2007: Whittle becomes president of the World Professional Association for Transgender Health. This profile in The Guardian is revealing. ‘He claims that the six categories that now come under the umbrella of the Commission for Equality and Human Rights have been joined by a seventh: “When the CEHR recently published its equality review, alongside it was a research project that I led into the unlawful discrimination experienced by transsexuals and transvestites.“‘ I’m not sure what those six categories would have been; there are nine protected characteristics in the 2010 Equality Act, of which “sex” and “gender reassignment” are two.

More from that Guardian piece. “This is a husband and father who went as far as the European Court of Human Rights so that his long-term partner could be impregnated through artificial insemination and his name could be on their children’s birth certificate.” That’s a deliberate lie, isn’t it? I suppose it’s no more of a lie than the lie on the birth certificate of a child whose mother knows that her husband isn’t her baby’s father, because the baby is a product of donor sperm. This is the problem with law. Experts can make the law tell us lies, and then they can bully and gaslight us by saying the lie must be the truth, because the law says so.

Then it all goes a bit quiet, presumably because Whittle has ticked off the top items on the to-do list. Whittle is legally a man, with a birth certificate with an M on it; married to a woman although not in a same-sex marriage; and the birth certificates of the children that Rutherford gave birth to and Whittle adopted bear Whittle’s name.

2018: Whittle appears on the final programme of Channel 4’s Genderquake series, optimistically called The Debate. This programme generated column inches, blog posts and youtube vids galore, as both sides absolutely hated it. Whittle seems to have hated it as much as anybody but it did result in this glorious happy snap of Whittle with daughter Eleanor and Caitlin Jenner. I defy anyone to guess which of these three individuals is actually male.

2019: Whittle proves that internalised misogyny and a desire to undermine women’s single sex spaces is undiminished in an interview for Legal Cheek. “But there’s work to be done — “we’re still on shaky ground” — he said, pointing to single-sex bathrooms and changing rooms as just two examples.”

It’s a tragedy. Imagine an alternative universe where happy butch lesbian Stephanie Whittle has used her skills, energy and campaigning nous in the service of women and girls. What might that person have been able to achieve for women in the UK?
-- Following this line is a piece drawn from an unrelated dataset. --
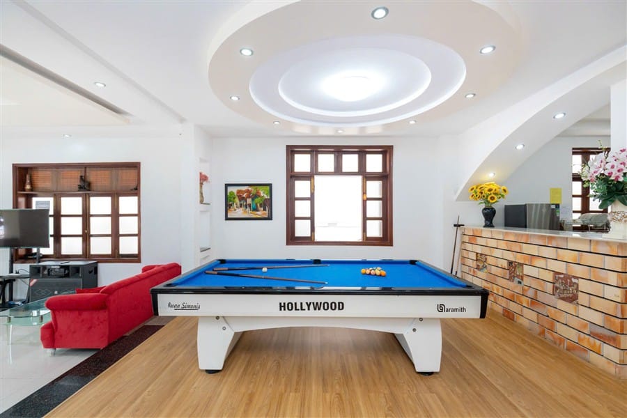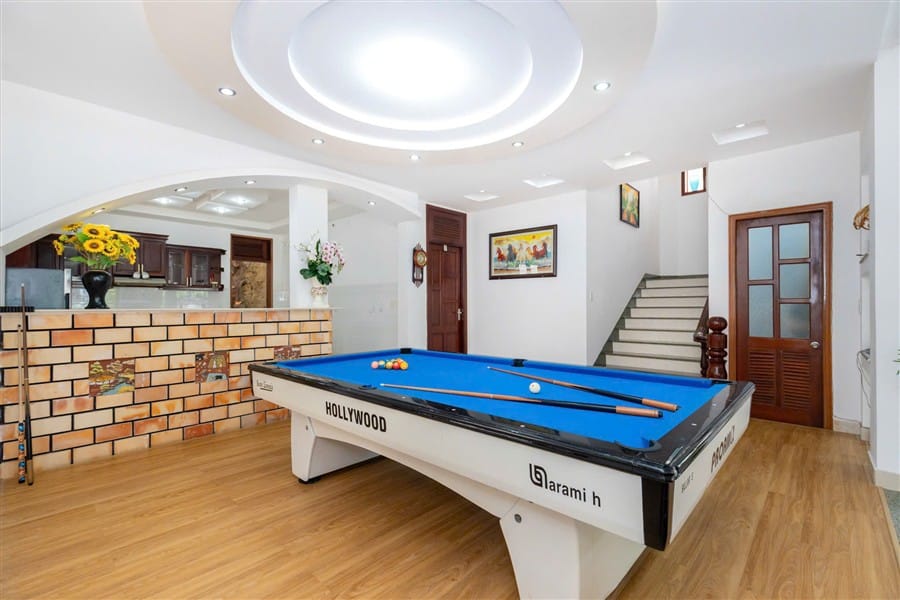 Khu giải trí: phòng karaoke riêng cách âm 24/24, bàn bida, phòng khách rộng rãi, ghế massage, mang đến trải nghiệm vui chơi trọn vẹn.

This author has not submitted a biography yet.

Article Discussion

  • Posted by Randy McDonald

    18 October, 2020 at 5:15 pm

    The Redstockings feminist group, centered in New York City in the 1070s, contained hostility towards gay and lesbian people. Gay men, the group seemed to hold, were simply complete misogynists, while lesbians were women who chose to give up the fight. I do not know what they thought about bisexuals. The idea that people who were not straight were not anti-women in some way, that the issue of their attractions simply was not related to that particular interpretation of that cause, seems never to have come up. Might the author not be making the same mistake now? Maybe Stephen Whittle being trans is not, as the author suggests, product of a failure of nerve or something on the part of a woman who would have been a happy butch lesbian. Maybe Stephen Merritt is just a trans man. Maybe trans men are no more products of a failure to engage with homophobia and patriarchy than lesbians are.

  • Posted by Brigitte Lechner

    7 August, 2020 at 9:33 am

    Extraordinary piece of research and balanced reporting. Good also to see how the changes were enforced in the UK where the situation was obviously of different provenance from the US. One thing missing from the picture is the link to Stonewall. Whittle must have friends at this coalface.

  • Posted by Berco

    6 August, 2020 at 12:22 pm

    Yes. She had to become a "man" to have her misogyny heard and agreed to and to be called "brave and courageous." If she were still a lesbian/female, no one would hear her: she would be ignored. I speak from personal experience.